I'm also open to name ideas... I'm stumped as to what to name these little guys.


----------



## MrVampire181 (May 12, 2009)

The CT girl looks like shes grown since you got her !


----------



## Neelie (Feb 18, 2010)

wow. 0_0


----------



## Cravenne (Dec 20, 2010)

Very nice pics!


----------



## HayrideHaunter (Dec 20, 2010)

the boy looks like something moon-related for a name...both are gorgeous!


----------



## dr2b (May 31, 2009)

Thanks guys! She has grown a lot Mr. Vampire! She is getting better with the camera too


----------



## dramaqueen (Jul 7, 2008)

How about Dijon since he's a mustard gas. lol


----------



## dr2b (May 31, 2009)

Dijon would make me hungry hehe. I think I'm going to see if he responds well to Ares. It's something different


----------



## MrVampire181 (May 12, 2009)

dramaqueen said:


> How about Dijon since he's a mustard gas. lol


 Name stealer! Lol remember my Mustard Gas VT male Dijon I had last year?


----------



## Neelie (Feb 18, 2010)

lol my choco female was called dijon too haha


----------



## dramaqueen (Jul 7, 2008)

MrVampire181 said:


> Name stealer! Lol remember my Mustard Gas VT male Dijon I had last year?

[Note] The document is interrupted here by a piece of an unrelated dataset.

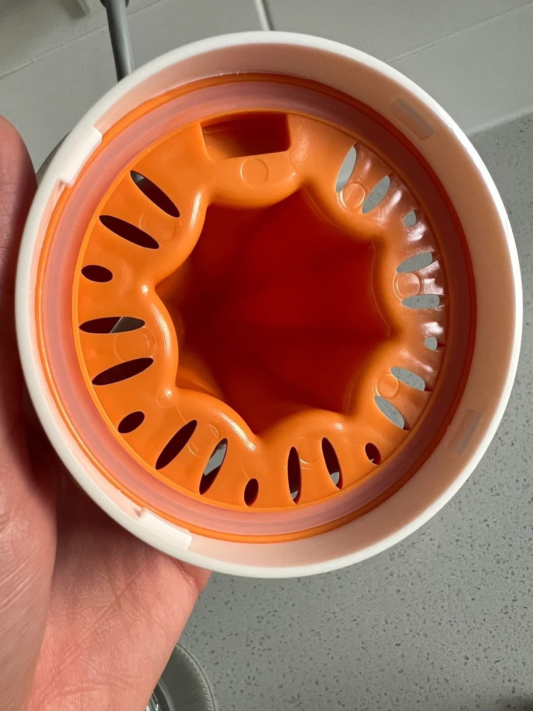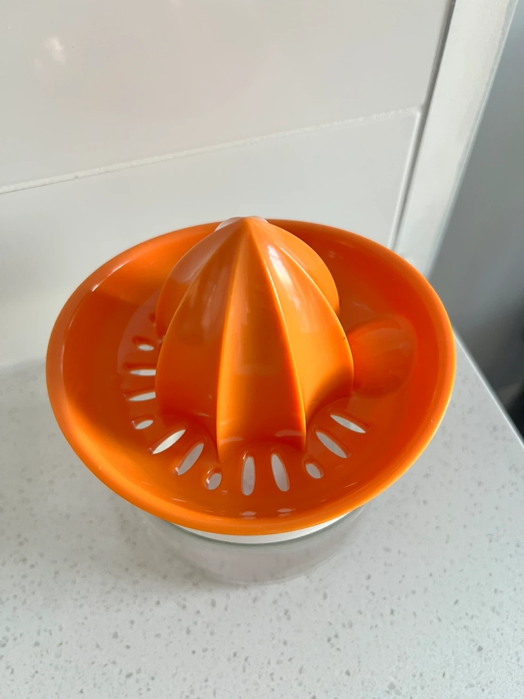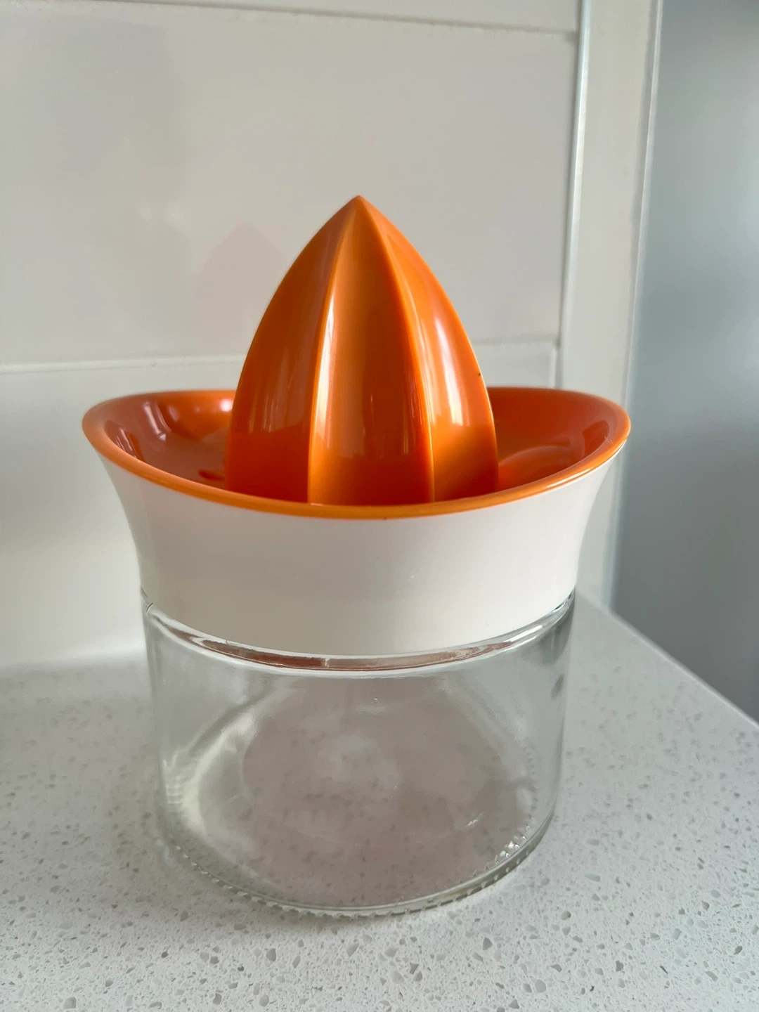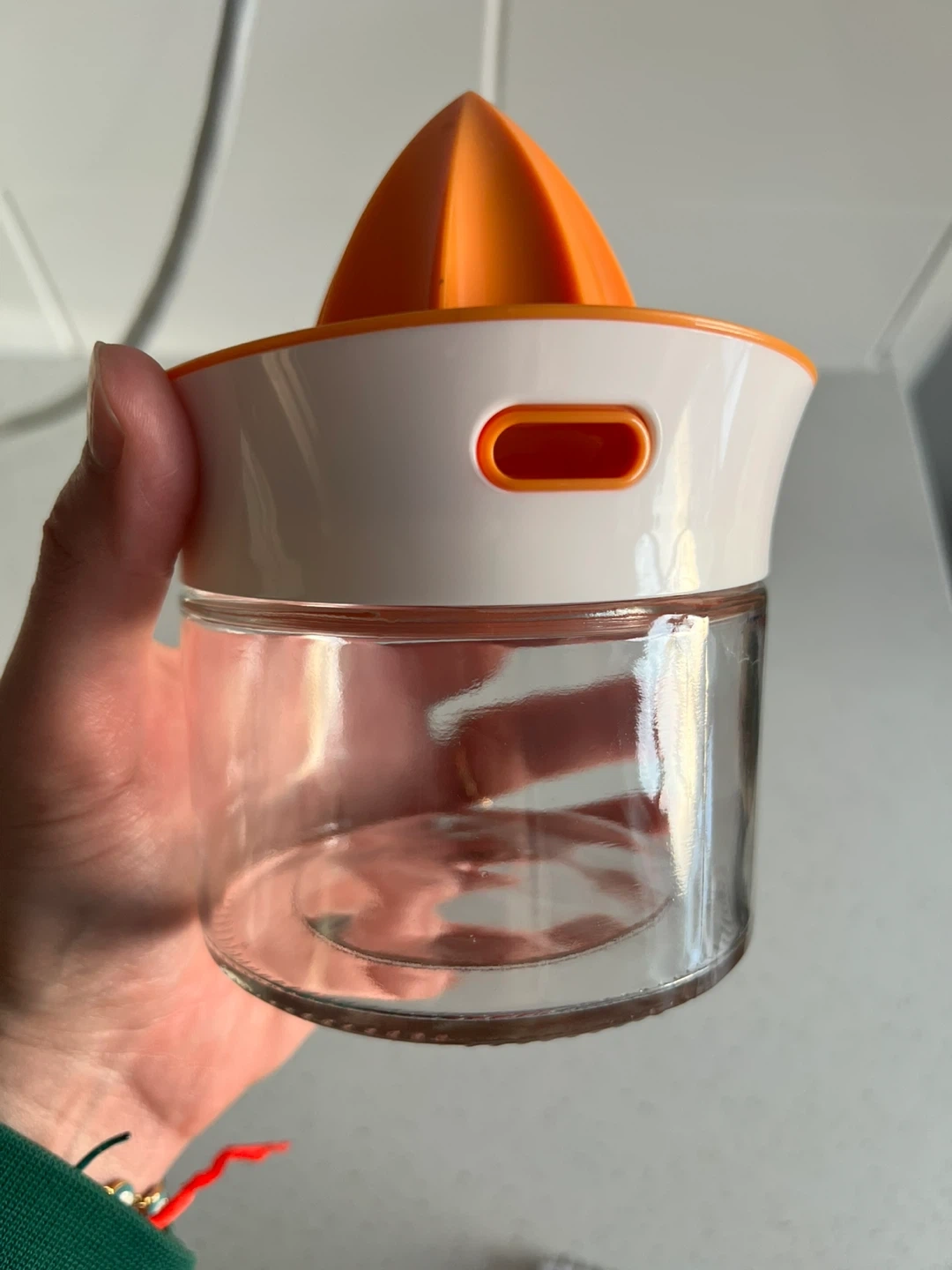 Handy manual citrus juicer with a glass container base. Perfect for quickly juicing lemons, limes, or oranges without the mess.

lol!! Yes, I remember! I like the name so tht's why I suggested it.


----------



## crowntail lover (Apr 25, 2009)

Great looking Bettas! :]


----------



## xswornxoffxjello (Mar 18, 2010)

I love them! How gorgeous!


----------



## Sweeda88 (Dec 6, 2010)

They're both beautiful.


----------



## dr2b (May 31, 2009)

Looks like the plakat ended up with the name Dijon. Everybody seemed to think it fit him  Still calling the female Little Girl lol. 

And thanks guys, I can't even begin to explain how much energy they both have... and feisty they are.


----------



## dramaqueen (Jul 7, 2008)

Yay! I'm glad you named him Dijon, even if I AM a name stealer! lol


----------



## kaythenewbie (Aug 23, 2010)

Oh my gosh, they are both stunning! Wow! I love how vibrant both of their coloring is.


----------



## Synthisis (Jun 4, 2009)

I insisted on buying her the Plakat at Petco since she was having a bad week.

Now that one of my males died, I got one for myself. They are so much more energetic then normal betta's.


----------



## Jupiter (Aug 30, 2009)

Oooh, just love them. I'm a sucker for MGs.


----------



## dramaqueen (Jul 7, 2008)

I'd love to have a MG someday.


----------



## bettalover2033 (Feb 17, 2010)

wow i love your DT!! he looks so adorable!


----------



## Fermin (Apr 18, 2010)

Gorgeous fish! I love your little girl.


----------



## dr2b (May 31, 2009)

Dijon gave me a great start to the year by making his first bubblenest yesterday! I was so excited


----------



## dramaqueen (Jul 7, 2008)

Yay for Dijon!


----------